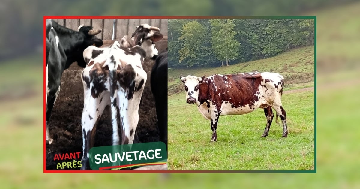 Angélique, la vache de 10 ans, était dans un état corporel effrayant lors de la saisie. Aujourd’hui, bien qu’elle doive encore prendre du poids, elle reprend petit-à-petit et s’épanouit chez Louis au sein des autres bovins du Troupeau du Bonheur.
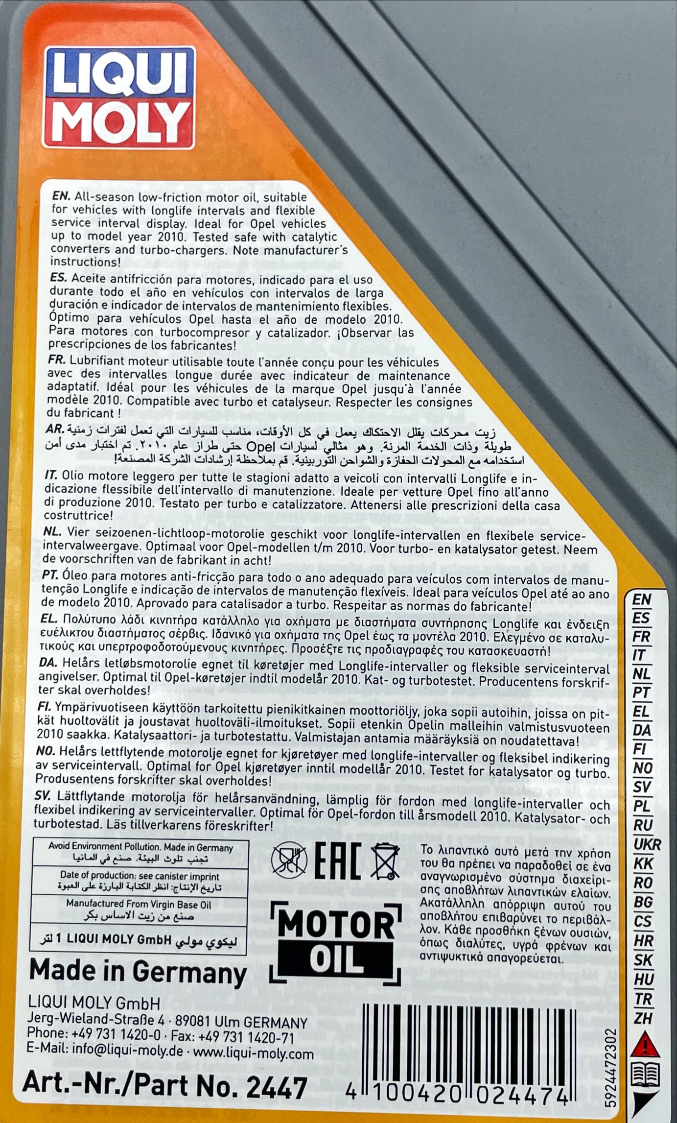 All-season oil for gasoline and diesel engines. Ideal for Opel vehicles up to model year 2010. Tested for turbochargers and catalytic converters.
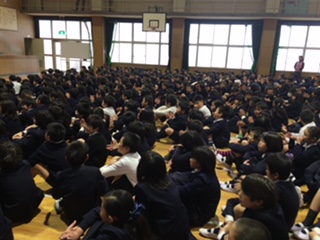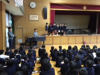 昨日から、「歩こうよ週間」がスタートしました。「廊下、階段などを正しく安全に歩きましょう。」と、児童会の子どもたちがビデオを作り、全校朝会で発表しました。右側通行、曲がり角での飛び出し、階段の降り方など、気をつけないと大変危険であることを分かりやすく説明し、正しく歩きましょうと呼びかけました。
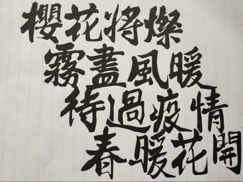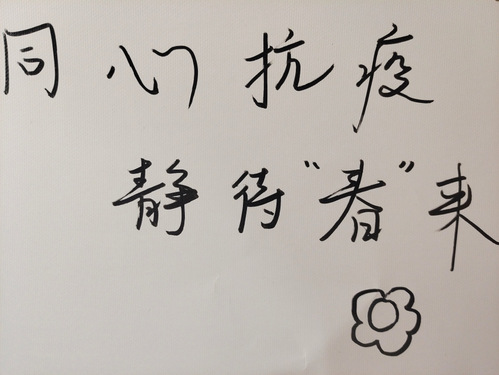没有一个冬天不会过去,没有一个春天不会到来。员工众志成城,热情高涨,全力支持公司工作,书写标语,鼓舞人心,调动更多人一起参与疫情防控工作。英语2001写道:“待过疫情,春暖花开。”英语2002写道:“同心抗疫,静待春来。”充分表达了对公司疫情防控工作的信任与支持。
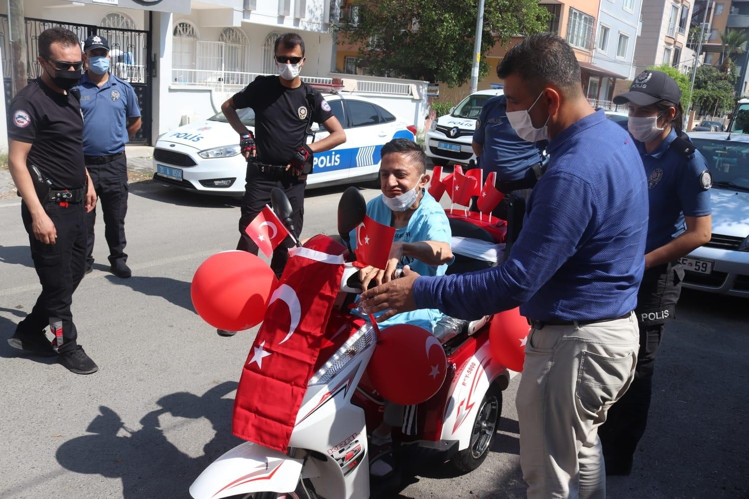 İskenderun ilçesinde yaşayan nörofibromatozis hastası 24 yaşındaki İhsan Kıbrıs’ın üç tekerli akülü motosiklet hayalini İskenderun İlçe Emniyet Müdürlüğü gerçekleştirdi. Sosyal medya hesabı üzerinden ‘keşke benim de üç tekerlekli motorum olsaydı?’ diye paylaşım yapan İhsan Kıbrıs’ın bu hayali üzerine harekete geçen İlçe Emniyet Müdürü Nevzat Güneş, emniyet bahçesinden ay-yıldızlı kırmızı-beyaz balon ve bayrakla süslenen akülü motosikleti İhsan Kıbrıs’ın evine gönderdi. Üç tekerlekli akülü motosikleti karşısında gören Kıbrıs, mutluluğunu gizleyemezken, İlçe Emniyet Müdürü Güneş’e ve polislere teşekkür etti. Daha sonra üç tekerlekli motosikletin teslimatının ardından İhsan Kıbrıs, polisler ile birlikte mahallede tur attı.
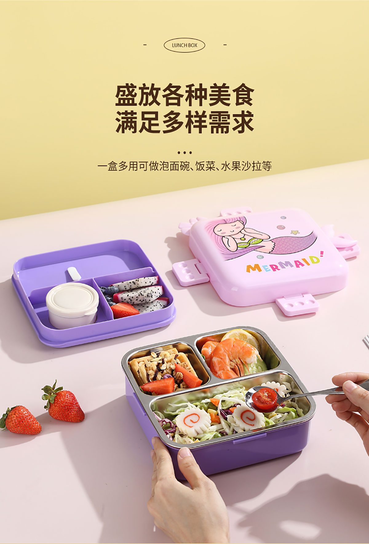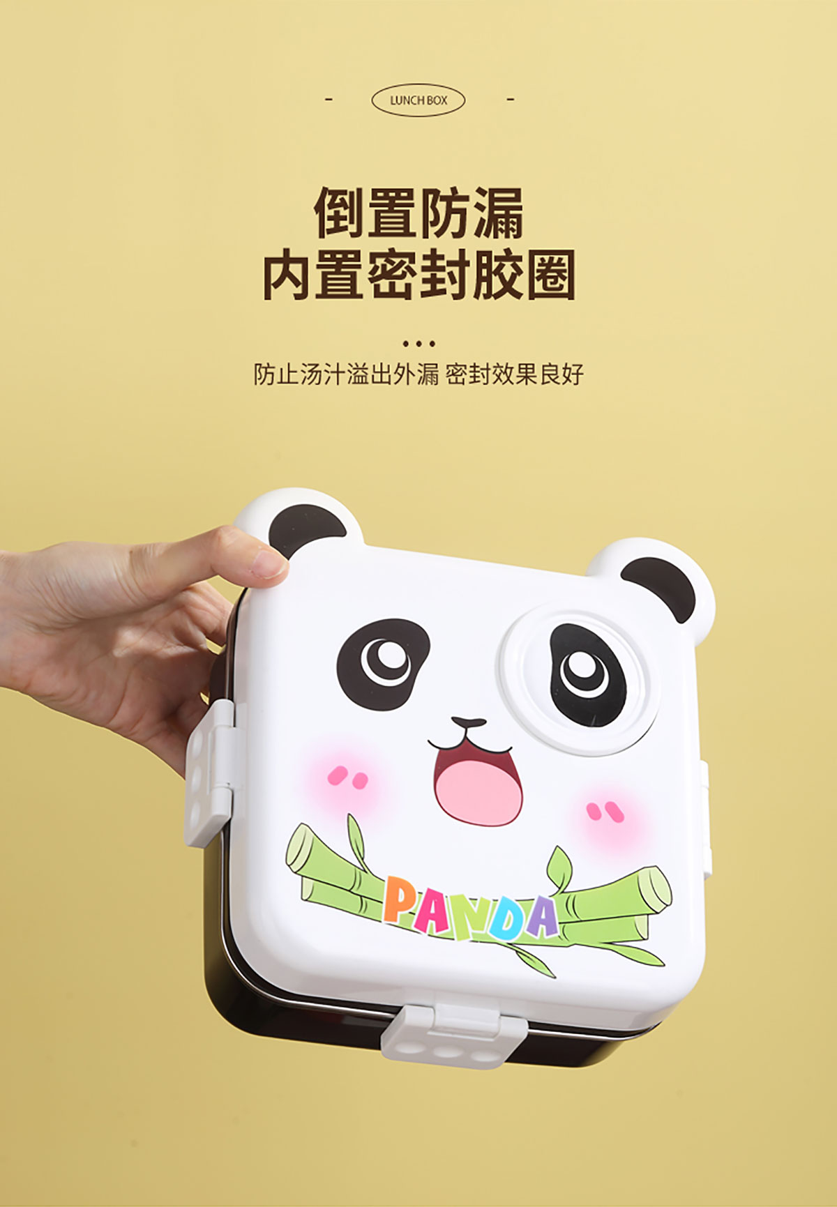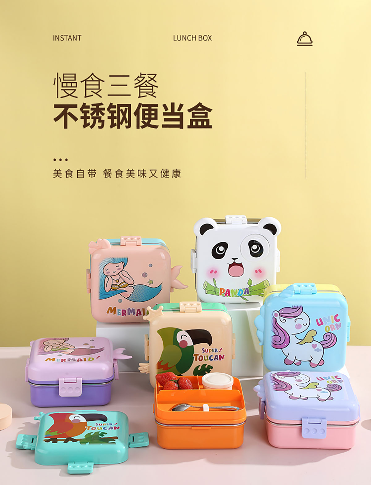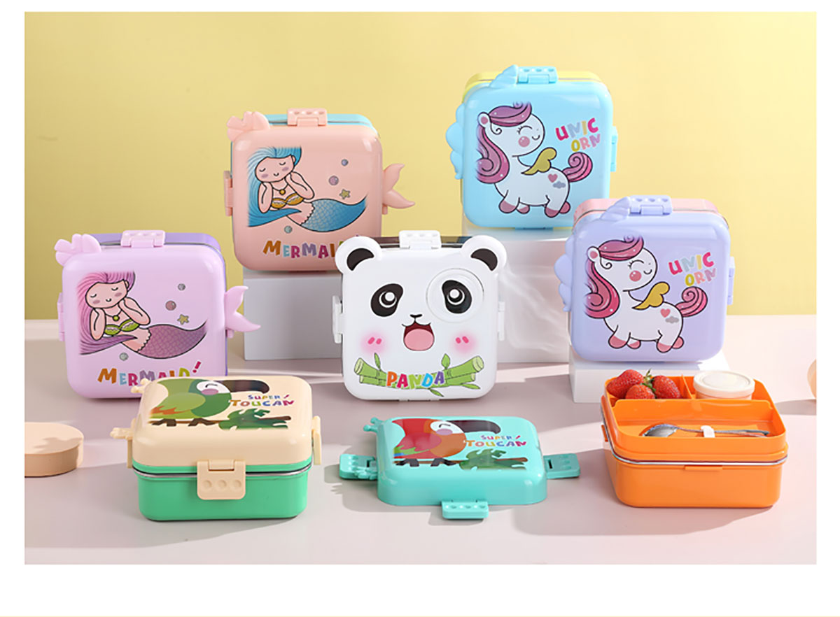 熊貓/大嘴鳥/獨(dú)角獸/美人魚正方形不銹鋼餐盒1120ml+70ml

+===+

An answer that restates all the entries exactly and drops the images is what is needed.

 Angélique, la vache de 10 ans, était dans un état corporel effrayant lors de la saisie. Aujourd’hui, bien qu’elle doive encore prendre du poids, elle reprend petit-à-petit et s’épanouit chez Louis au sein des autres bovins du Troupeau du Bonheur.
 All-season oil for gasoline and diesel engines. Ideal for Opel vehicles up to model year 2010. Tested for turbochargers and catalytic converters.
 昨日から、「歩こうよ週間」がスタートしました。「廊下、階段などを正しく安全に歩きましょう。」と、児童会の子どもたちがビデオを作り、全校朝会で発表しました。右側通行、曲がり角での飛び出し、階段の降り方など、気をつけないと大変危険であることを分かりやすく説明し、正しく歩きましょうと呼びかけました。
没有一个冬天不会过去,没有一个春天不会到来。员工众志成城,热情高涨,全力支持公司工作,书写标语,鼓舞人心,调动更多人一起参与疫情防控工作。英语2001写道:“待过疫情,春暖花开。”英语2002写道:“同心抗疫,静待春来。”充分表达了对公司疫情防控工作的信任与支持。
 İskenderun ilçesinde yaşayan nörofibromatozis hastası 24 yaşındaki İhsan Kıbrıs’ın üç tekerli akülü motosiklet hayalini İskenderun İlçe Emniyet Müdürlüğü gerçekleştirdi. Sosyal medya hesabı üzerinden ‘keşke benim de üç tekerlekli motorum olsaydı?’ diye paylaşım yapan İhsan Kıbrıs’ın bu hayali üzerine harekete geçen İlçe Emniyet Müdürü Nevzat Güneş, emniyet bahçesinden ay-yıldızlı kırmızı-beyaz balon ve bayrakla süslenen akülü motosikleti İhsan Kıbrıs’ın evine gönderdi. Üç tekerlekli akülü motosikleti karşısında gören Kıbrıs, mutluluğunu gizleyemezken, İlçe Emniyet Müdürü Güneş’e ve polislere teşekkür etti. Daha sonra üç tekerlekli motosikletin teslimatının ardından İhsan Kıbrıs, polisler ile birlikte mahallede tur attı.
 熊貓/大嘴鳥/獨(dú)角獸/美人魚正方形不銹鋼餐盒1120ml+70ml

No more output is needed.